Афанасию Фету удавалось в лирическом стихотворении, как лучом, высветить та­кую бездну сущего, что в нее, эту бездну, со жгучим интересом и благодарным внима­нием заглядывали великие современники, например, Лев Толстой и Федор Достоевский. А он хотел большего. Он хотел, чтобы искусство потрясало сильнее, чем подлинные об­стоятельства жизни, чем действительные ее драмы. Своим поэтическим даром он хо­тел объять даже запредельное – ведь земное и зримое уже покорилось ему:

 

ЛАСТОЧКИ

 

Природы праздный соглядатай,

Люблю, забывши все кругом,

Следить за ласточкой стрельчатой

Над вечереющим прудом.

Вот понеслась и зачертила –

И страшно, чтобы гладь стекла

Стихией чуждой не схватила

Молниевидного крыла.

И снова то же дерзновенье

И та же темная струя, –

Не таково ли вдохновенье

И человеческого я?

 

Не так ли я, сосуд скудельный,

Дерзаю на запретный путь,

Стихии чуждой, запредельной,

Стремясь хоть каплю зачерпнуть?

1884

 

*    *    *

 

Когда я читаю стихи А. Фета о родной природе, мне кажется, что для него Степановка, а потом Воробьевка Курской губернии, куда он перебрался, – это центр земли; здесь сосредоточилась его Россия, здесь ее главная обитель. Тут можно несуетно и внимательно рассмотреть подробности русской природы, услышать ее сокровенные, тайные голоса:

 

Я жду… Соловьиное эхо

Несется с блестящей реки,

Трава при луне в бриллиантах,

На тмине горят светляки…

 

Чтобы принять это в душу, нужно стоять в ночной чуткой тишине, в главном саду России, в потаенном уголке родины. Афанасий Фет потому и великий националь­ный поэт, что он, может быть, единственный из русских лириков подробно и точ­но, с большой любовью передал нам, читателям, особость русской природы, ее со­звучность русской душе.

Читатель скажет: но тонко и чутко воспринимать родную природу, бережно и живописно переносить ее на бумагу, в стихи могли почти все великие поэты на­шего Отечества – Пушкин и Лермонтов, Некрасов и Кольцов, Тютчев и Блок, Клю­ев и Есенин. В чем же особый талант Фета?

Его приоткрыл Ф. Тютчев в своем стихотворении, посвященном А. Фету:

 

Иным достался от природы

Инстинкт пророчески слепой –

Они им чуют, слышат воды

И в темной глубине земной…

 

Слышать и чувствовать душу природы, зреть под «оболочкой зримой» ее тайную жизнь, в которой очень много от самого Творца, – это было доступно А. Фету. Мож­но сказать, что он дал голос, подарил речь русским просторам.

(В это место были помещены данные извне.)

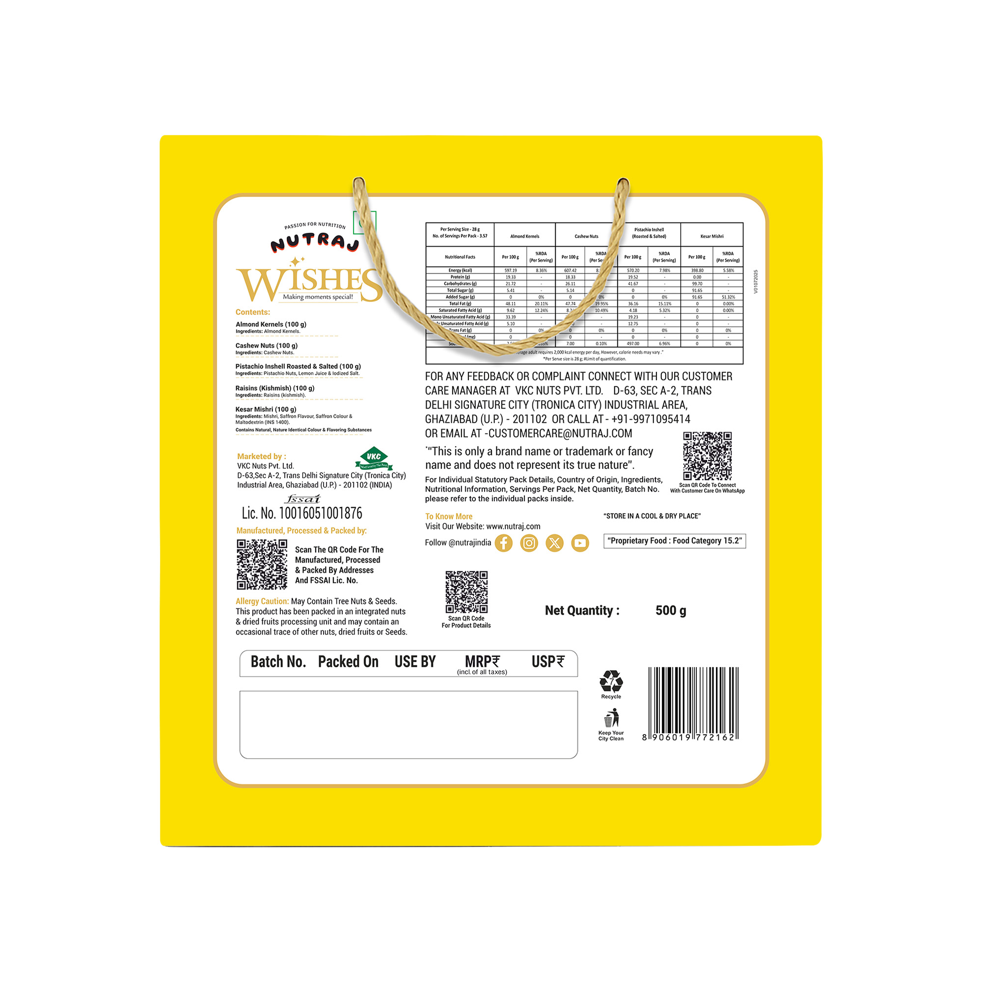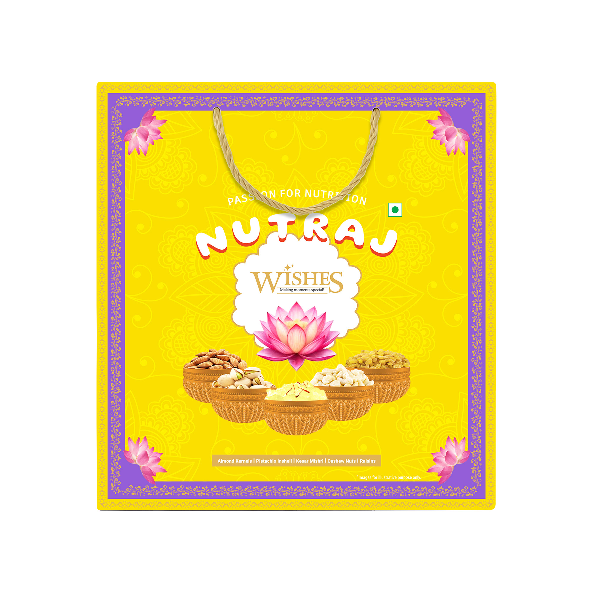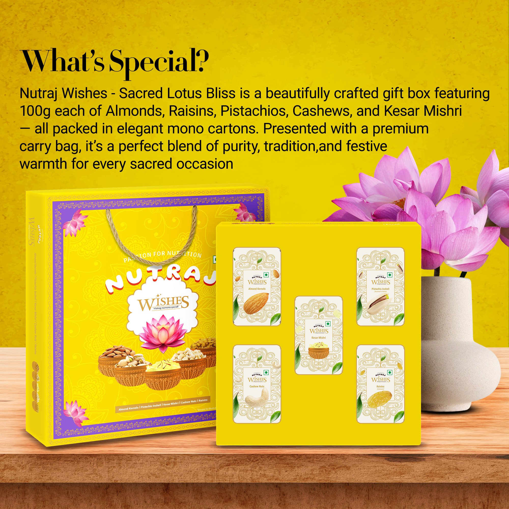 This Diwali, share the joy of health and tradition with the Nutraj Wishes Sacred Lotus Bliss Gift Box a luxurious festive assortment of premium dry fruits and traditional delights, elegantly packed to make your celebrations truly memorable. Whats Inside? California Almonds 100g Whole Cashew Nuts 100g Indian Raisins 100g Roasted & Salted Pistachios 100g Kesar Mishri 100g Thoughtfully curated to symbolize prosperity and well-being, this 500g gift box blends nutrition, tradition, and indulgence in every bite. The addition of Kesar Mishri brings a sacred touch to the box, making it a unique and auspicious choice for gifting during Diwali, Bhai Dooj, and festive celebrations. It is ideal for corporate gifting, as well as for friends and family. Let the Sacred Lotus Bliss box from Nutraj Wishes light up your loved ones hearts with health, happiness, and flavorful surprises.

То качество, о кото­ром я говорил выше, соединившись с редкой способностью поэта представлять в неустанном движении, в удивительных подробностях пейзажи России, сделало его непревзойденным певцом живого цветущего мира. Да, все крупные русские поэты сказали об отчей земле свое неповторимое слово. Но Афанасий Фет словно бы по­ставил целью своей жизни дать полный, всеобъемлющий и красочный портрет родной природы, такой разнообразной, переменчивой и одушевленной нашей русской судьбой. Его гений выполнил свое предназначение, как и гений того, кто «в жесто­кий век восславил свободу», и того, кто оплакал страдания народа, и того, чье «степ­ное пенье сумело бронзой прозвенеть». Он, вдохнувший в миллионы соотечествен­ников любовь к родным неохватным далям, по праву встал в ряд наших духовных пастырей.

 

Есть ночи зимней блеск и сила,

Есть непорочная краса,

Когда под снегом опочила

Вся степь, и кровли, и леса.

Сбежали тени ночи летней,

Тревожный ропот их исчез,

Но тем всевластней, тем заметней

Огни безоблачных небес.

Как будто волею всезрящей

На этот миг ты посвящен

Глядеть в лицо природы спящей

И понимать всемирный сон.

 

Сказать о том, что А. Фет был в поэзии пантеистом[1], – это значит не сказать всего. Фет постоянно поверяет свою судьбу жизнью природы. Для него человек и птица, че­ловек и травинка, человек и дождевая капля – сородичи, подвластные одним силам, одаренные одним земным путем. И когда в его поэтическом раздумье как равные со­седствуют собственная душа и душа травы, душа метели, душа глухого бора, то я, читатель, ощущаю себя сыном огромной земной семьи, родней всего, что дышит, имеет го­лос, зрение, слух.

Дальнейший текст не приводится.